Stored data

***

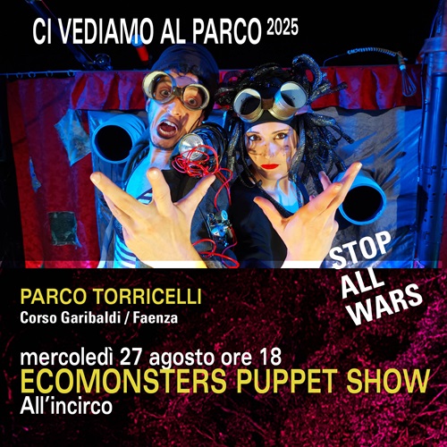 Mercoledì 27 agosto alle ore 18 il Parco Torricelli in Corso Garibaldi a Faenza accoglierà lo spettacolo per tutte le età Ecomonster Puppet Show della Compagnia All’incirco nell’ambito del progetto di socialità Ci vediamo al Parco a cura del Teatro Due Mondi.
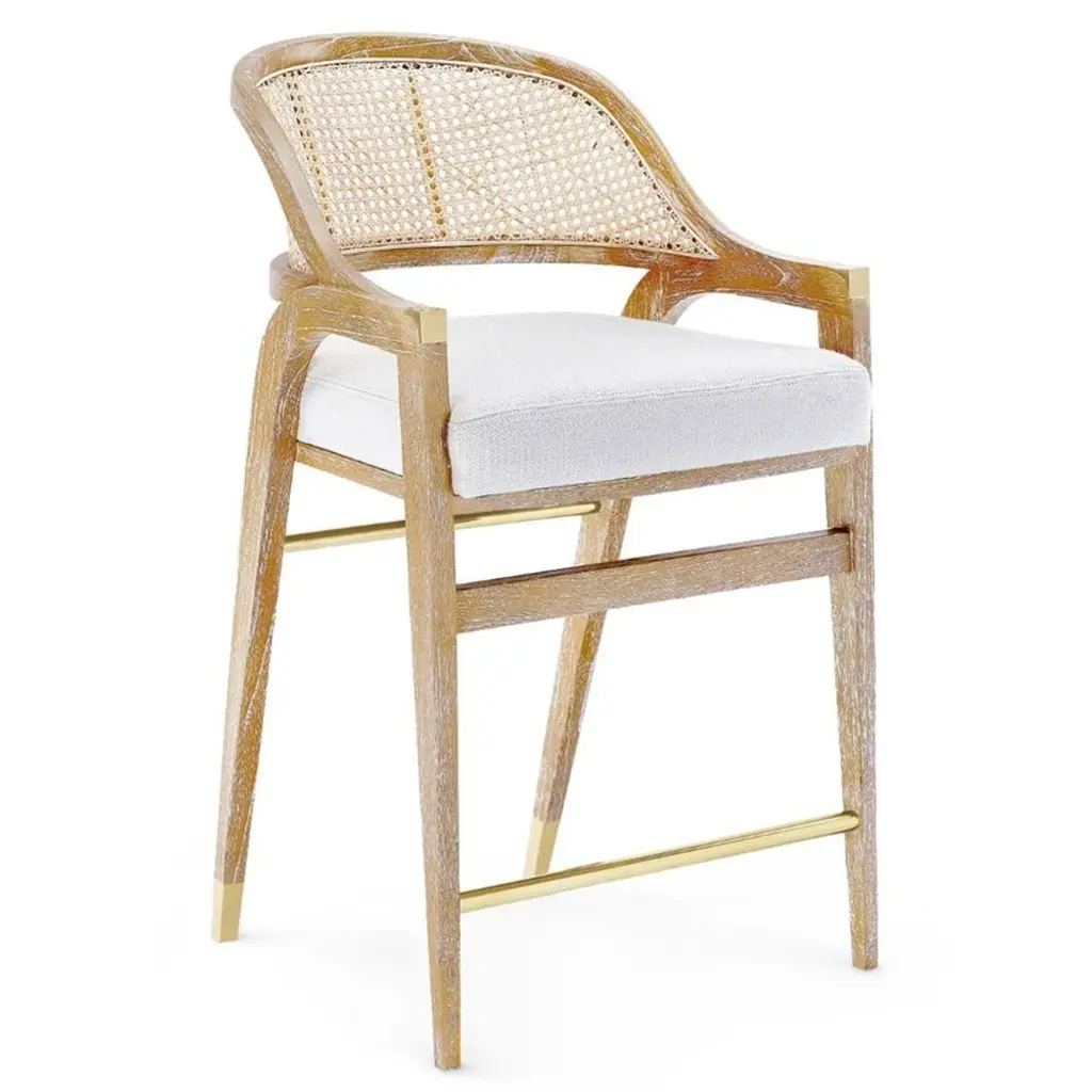 Mixed materials shine in the Edward counter stool. Natural wood grain peeks through an understated natural finish on the Cape Lilac Mahogany frame. The curved lacquered hand-tied cane seat back provides delicate detailing, while hand-cast brass stretchers, sabots, and armcaps add luxe finishing touches. A natural linen drop-in cushion makes for a supremely comfortable seat.
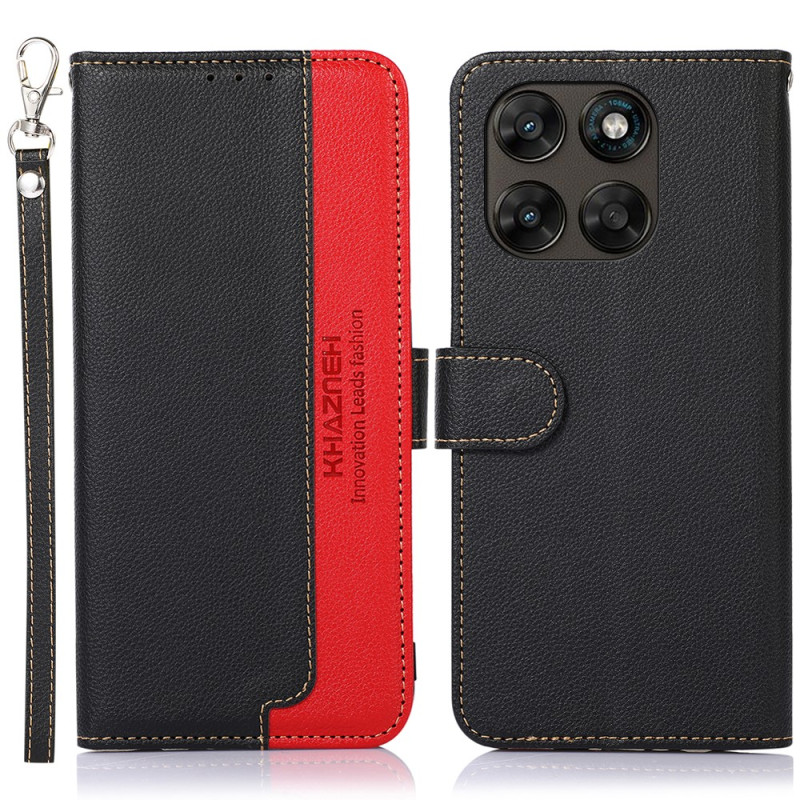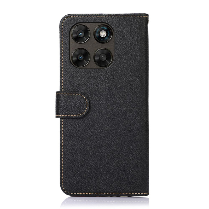 Protégez votre Motorola Moto G77 5G / G67 5G avec cet étui portefeuille noir texture litchi élégant.
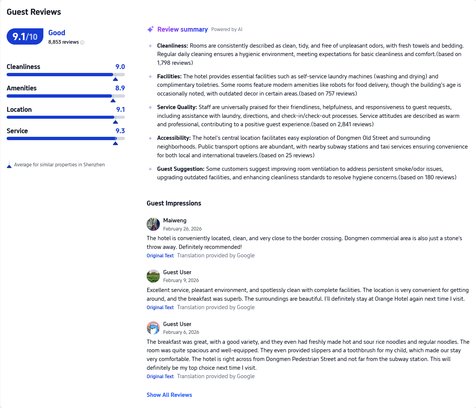 Das Chengguo Hotel liegt im Herzen des Luohu-Bezirks an der Hubei Road 2195 und bietet direkten Zugang zur lebhaften Dongmen-Fußgängerzone in Shenzhen. Nur 300 m von der U-Bahn-Station Hubei (Linie 2) und 100 m vom Einkaufsparadies Dongmen entfernt, vereint dieses 3-Sterne-Boutique-Hotel Komfort und Bequemlichkeit. Das 2019 eröffnete Hotel verfügt über 131 Zimmer auf 8 Etagen und hat eine Gästebewertung von 9,1 von 10 Punkten basierend auf über 8.800 Bewertungen. Es ist ideal für Geschäftsreisende und Touristen gleichermaßen und bietet seinen Gästen die Nähe zum Hafen von Luohu, zum Hauptbahnhof Shenzhen sowie zu zahlreichen Restaurants und Unterhaltungsmöglichkeiten.

***

What you will do
Retype nothing except the lines from the first line of the listing above through the line with "Protégez votre Motorola", exactly as they stand, and no pictures.

Reply to the task
 Mercoledì 27 agosto alle ore 18 il Parco Torricelli in Corso Garibaldi a Faenza accoglierà lo spettacolo per tutte le età Ecomonster Puppet Show della Compagnia All’incirco nell’ambito del progetto di socialità Ci vediamo al Parco a cura del Teatro Due Mondi.
 Mixed materials shine in the Edward counter stool. Natural wood grain peeks through an understated natural finish on the Cape Lilac Mahogany frame. The curved lacquered hand-tied cane seat back provides delicate detailing, while hand-cast brass stretchers, sabots, and armcaps add luxe finishing touches. A natural linen drop-in cushion makes for a supremely comfortable seat.
 Protégez votre Motorola Moto G77 5G / G67 5G avec cet étui portefeuille noir texture litchi élégant.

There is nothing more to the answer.